Provided data »
————————

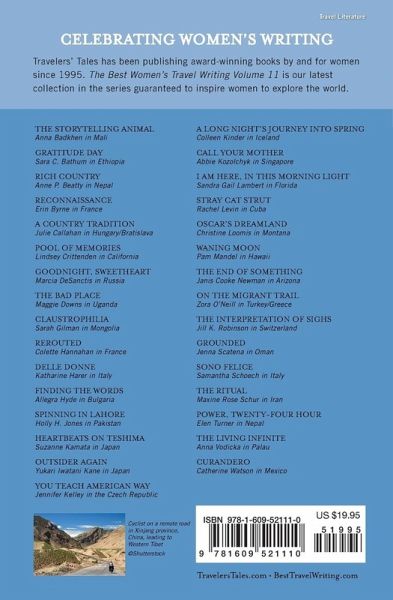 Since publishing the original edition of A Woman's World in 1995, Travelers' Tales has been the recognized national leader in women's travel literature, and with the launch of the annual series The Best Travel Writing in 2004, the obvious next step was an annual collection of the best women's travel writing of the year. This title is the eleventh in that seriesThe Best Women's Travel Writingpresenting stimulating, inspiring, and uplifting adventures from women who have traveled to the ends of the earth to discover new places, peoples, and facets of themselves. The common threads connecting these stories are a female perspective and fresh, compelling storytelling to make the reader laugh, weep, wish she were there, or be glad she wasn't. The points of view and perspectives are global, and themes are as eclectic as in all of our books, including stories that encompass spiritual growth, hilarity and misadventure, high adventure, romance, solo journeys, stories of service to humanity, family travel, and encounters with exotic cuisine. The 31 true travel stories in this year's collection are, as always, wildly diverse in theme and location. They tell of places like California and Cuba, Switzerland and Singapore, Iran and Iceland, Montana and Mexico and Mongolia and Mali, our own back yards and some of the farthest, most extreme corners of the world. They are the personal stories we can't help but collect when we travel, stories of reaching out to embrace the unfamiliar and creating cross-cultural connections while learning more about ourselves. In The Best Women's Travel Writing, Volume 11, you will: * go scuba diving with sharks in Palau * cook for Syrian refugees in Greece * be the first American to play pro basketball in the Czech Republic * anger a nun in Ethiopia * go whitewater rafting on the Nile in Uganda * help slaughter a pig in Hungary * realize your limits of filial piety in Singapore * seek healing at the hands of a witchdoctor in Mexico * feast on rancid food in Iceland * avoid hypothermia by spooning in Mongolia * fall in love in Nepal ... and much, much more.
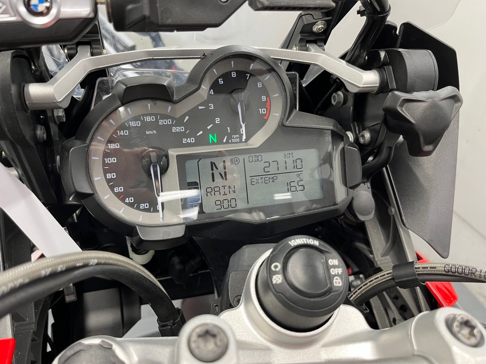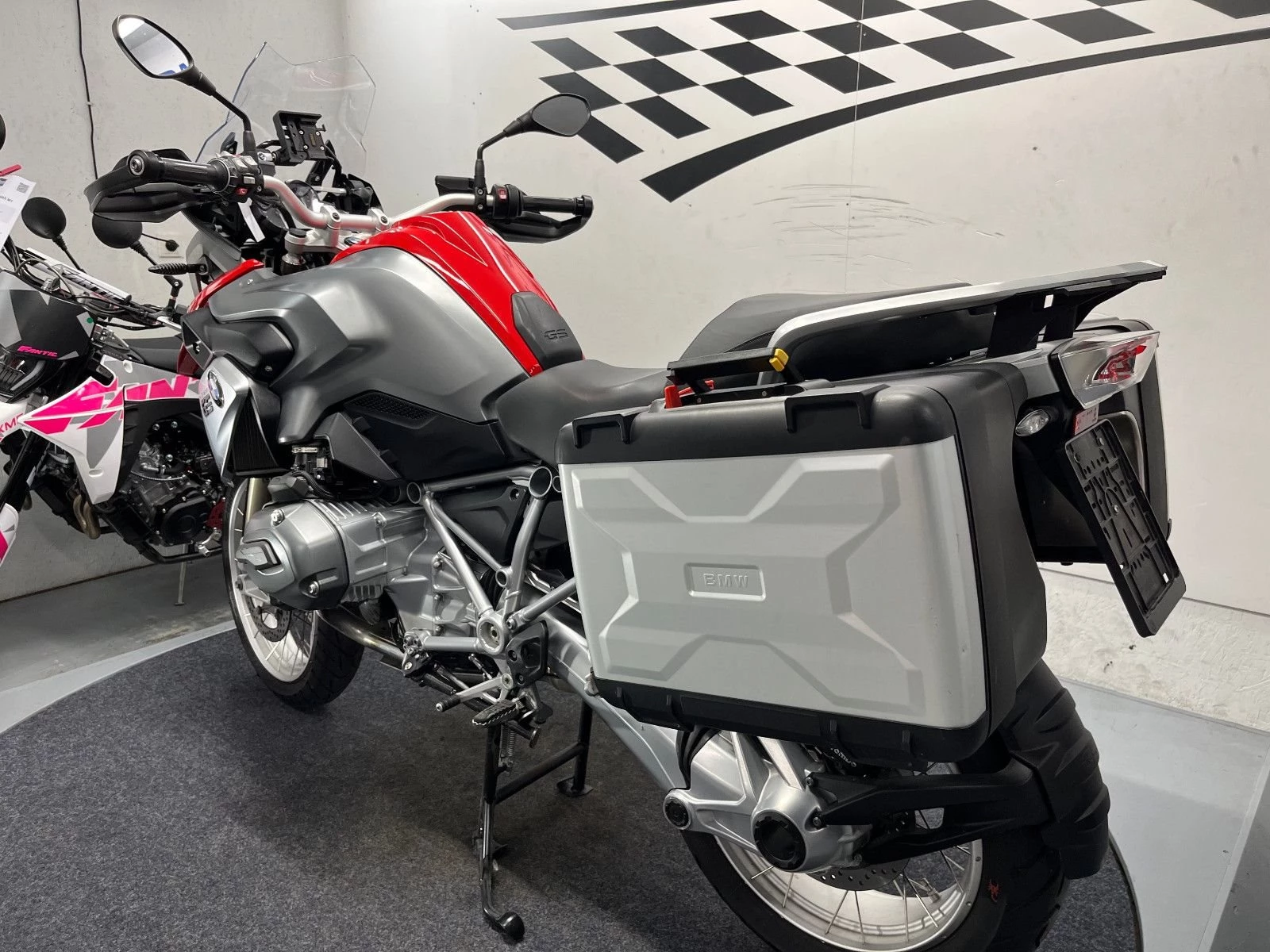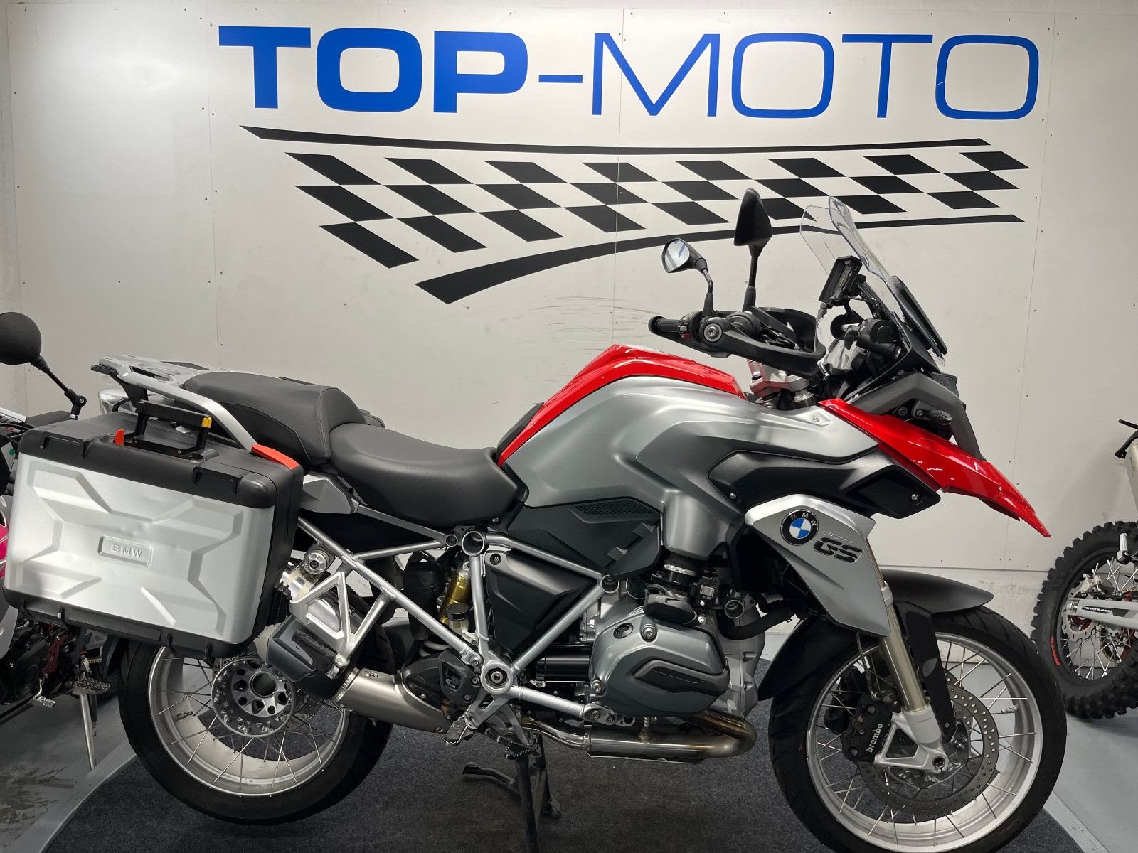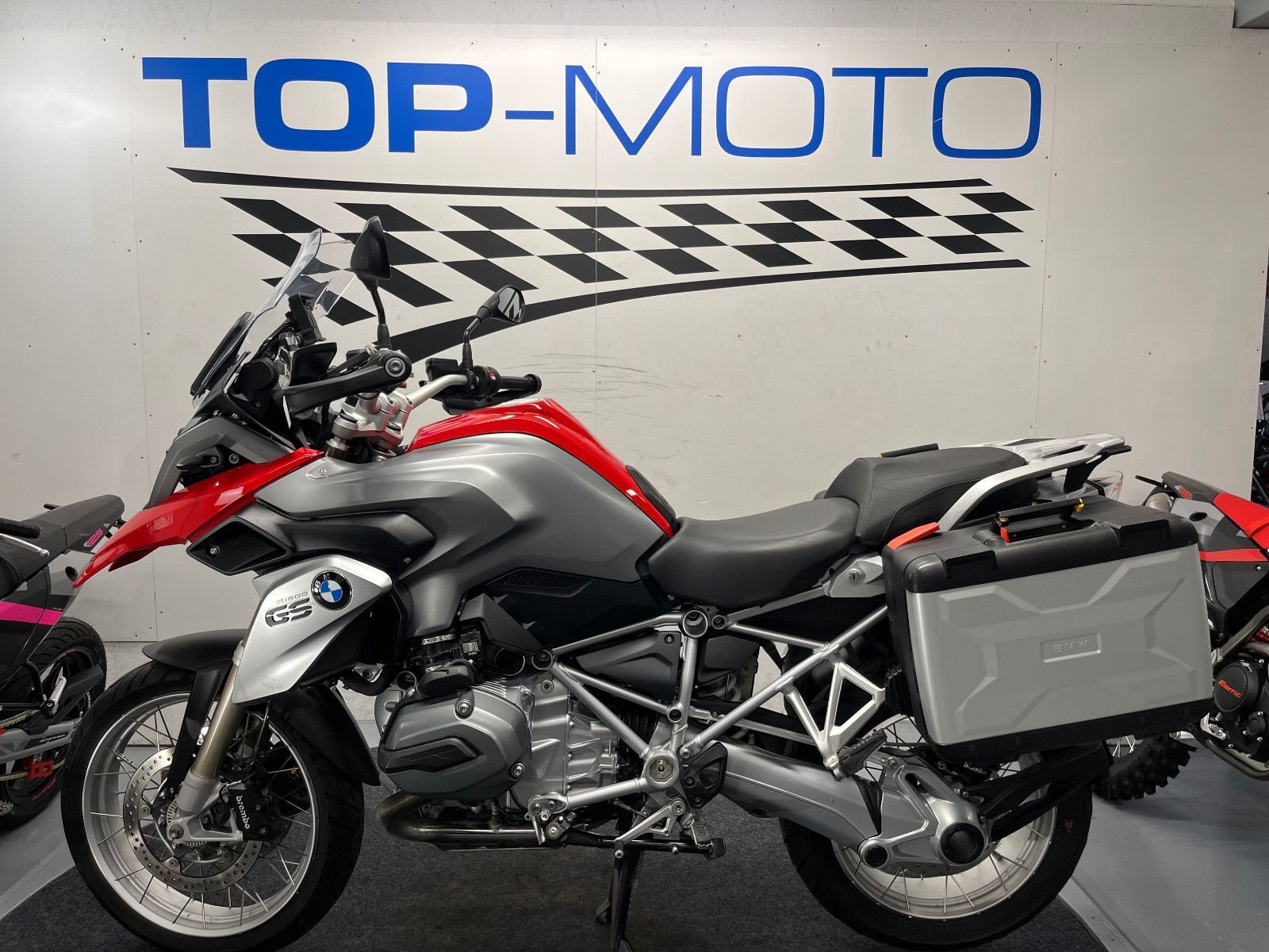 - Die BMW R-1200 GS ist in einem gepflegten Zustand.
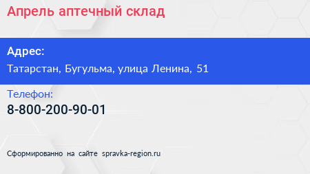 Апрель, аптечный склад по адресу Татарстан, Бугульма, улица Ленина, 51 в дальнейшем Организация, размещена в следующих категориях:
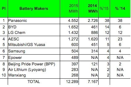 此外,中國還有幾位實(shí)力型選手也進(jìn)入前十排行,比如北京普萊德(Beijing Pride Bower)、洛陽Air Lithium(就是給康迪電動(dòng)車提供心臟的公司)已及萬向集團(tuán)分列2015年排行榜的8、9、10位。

————————

To do » From the first line of the listing above, repeat every line through the one holding "- Die BMW R-1200". Both ends count, and pictures stay out.

Response to the task »
 Since publishing the original edition of A Woman's World in 1995, Travelers' Tales has been the recognized national leader in women's travel literature, and with the launch of the annual series The Best Travel Writing in 2004, the obvious next step was an annual collection of the best women's travel writing of the year. This title is the eleventh in that seriesThe Best Women's Travel Writingpresenting stimulating, inspiring, and uplifting adventures from women who have traveled to the ends of the earth to discover new places, peoples, and facets of themselves. The common threads connecting these stories are a female perspective and fresh, compelling storytelling to make the reader laugh, weep, wish she were there, or be glad she wasn't. The points of view and perspectives are global, and themes are as eclectic as in all of our books, including stories that encompass spiritual growth, hilarity and misadventure, high adventure, romance, solo journeys, stories of service to humanity, family travel, and encounters with exotic cuisine. The 31 true travel stories in this year's collection are, as always, wildly diverse in theme and location. They tell of places like California and Cuba, Switzerland and Singapore, Iran and Iceland, Montana and Mexico and Mongolia and Mali, our own back yards and some of the farthest, most extreme corners of the world. They are the personal stories we can't help but collect when we travel, stories of reaching out to embrace the unfamiliar and creating cross-cultural connections while learning more about ourselves. In The Best Women's Travel Writing, Volume 11, you will: * go scuba diving with sharks in Palau * cook for Syrian refugees in Greece * be the first American to play pro basketball in the Czech Republic * anger a nun in Ethiopia * go whitewater rafting on the Nile in Uganda * help slaughter a pig in Hungary * realize your limits of filial piety in Singapore * seek healing at the hands of a witchdoctor in Mexico * feast on rancid food in Iceland * avoid hypothermia by spooning in Mongolia * fall in love in Nepal ... and much, much more.
 - Die BMW R-1200 GS ist in einem gepflegten Zustand.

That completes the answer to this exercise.